Journaliste d’exception, intellectuel dense, homme d’une culture encyclopédique, El-Béchir Diallo appartenait à cette trempe d’hommes qui éclairent leur époque sans jamais chercher la lumière pour eux-mêmes. Sa disparition endeuille la presse guinéenne tout entière, ses confrères, ses amis, et bien au-delà, tous ceux qui croyaient encore à la force des idées, à la rigueur de la pensée et à l’indépendance de la plume.

J’ai eu l’immense privilège de travailler à ses côtés au journal L’Observateur, que nous avons fondé ensemble avec l’ancien ministre Tibou Kamara. Plus qu’une collaboration professionnelle, c’est une fraternité intellectuelle et humaine qui nous liait. Nous avons partagé les mêmes quartiers de Conakry, les mêmes débats passionnés, les mêmes indignations, les mêmes espoirs pour la Guinée. Avec El-Béchir, tout était discussion, profondeur, exigence.

En dehors de Tierno Monénembo, il était, sans exagération, l’un des hommes les plus cultivés que la Guinée ait portés. Sa conversation était une école, son raisonnement une leçon de rigueur, sa mémoire un trésor vivant. La dernière fois que nous avons échangé, au quartier T10, à son invitation, il m’avait suggéré d’écrire un livre sur lui, pour, disait-il avec modestie, “éviter de faire ses mémoires”.

Cette phrase, à elle seule, résume l’homme : immense, mais humble.Le parcours d’El-Béchir Diallo force le respect. Lauréat en mathématiques sous le régime de Sékou Touré, il fut victime de l’injustice historique de 1977, lorsque le pouvoir décida d’exclure les lauréats peuls des bourses de l’État. Contraint à l’exil, il se réfugia au Sénégal où il se distingua comme meilleur étudiant en mathématiques, avant d’obtenir une bourse pour la Belgique.
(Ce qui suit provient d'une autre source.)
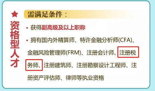 对获得副高级及以上职称,以及拥有税务师(注册税务师)、注册会计师、国内外精算师、特许金融分析师(CFA)、金融风险管理师(FRM)、注册建筑师、注册勘察设计工程师、注册资产评估师、律师等执业资格的资格型人才,可直接落户。

Là-bas, il décrocha une agrégation en mathématiques, un doctorat en philosophie, ainsi que de nombreux autres diplômes, incarnant l’excellence intellectuelle africaine au plus haut niveau.

Mais El-Béchir Diallo n’était pas seulement un universitaire brillant. Il fut un combattant de la liberté de la presse. Du Lynx à L’Indépendant, puis à L’Observateur, il a marqué le journalisme guinéen par son style, sa liberté de ton, son refus de la compromission. Sa contribution à l’émergence et à la consolidation d’une presse indépendante en Guinée est tout simplement inestimable.

Son expertise et sa hauteur de vue faisaient de lui un homme régulièrement consulté à la Primature et dans de nombreux ministères. Il conseillait sans jamais se vendre, éclairait sans jamais flatter. Intellectuel engagé, mais jamais partisan, il restait fidèle à une seule cause : la vérité.

Marié à une femme juive, père de trois enfants, El-Béchir Diallo incarnait aussi l’ouverture, le dialogue des cultures et des civilisations, loin des replis identitaires et des dogmatismes étroits.

En ce moment de profonde tristesse, j’adresse mes condoléances émues à sa famille, aux héritiers du célèbre gendarme Abdoulaye Diallo, alias « Dis la vérité », à l’équipe du Lynx, de L’Observateur où je l’ai connu de près, et à l’ensemble de la presse guinéenne, aujourd’hui orpheline d’un de ses plus illustres défenseurs.

La Guinée perd un intellectuel majeur. La presse perd un pilier. Nous perdons un frère, un ami, un maître.

Qu’il repose en paix. Que la terre lui soit llégère.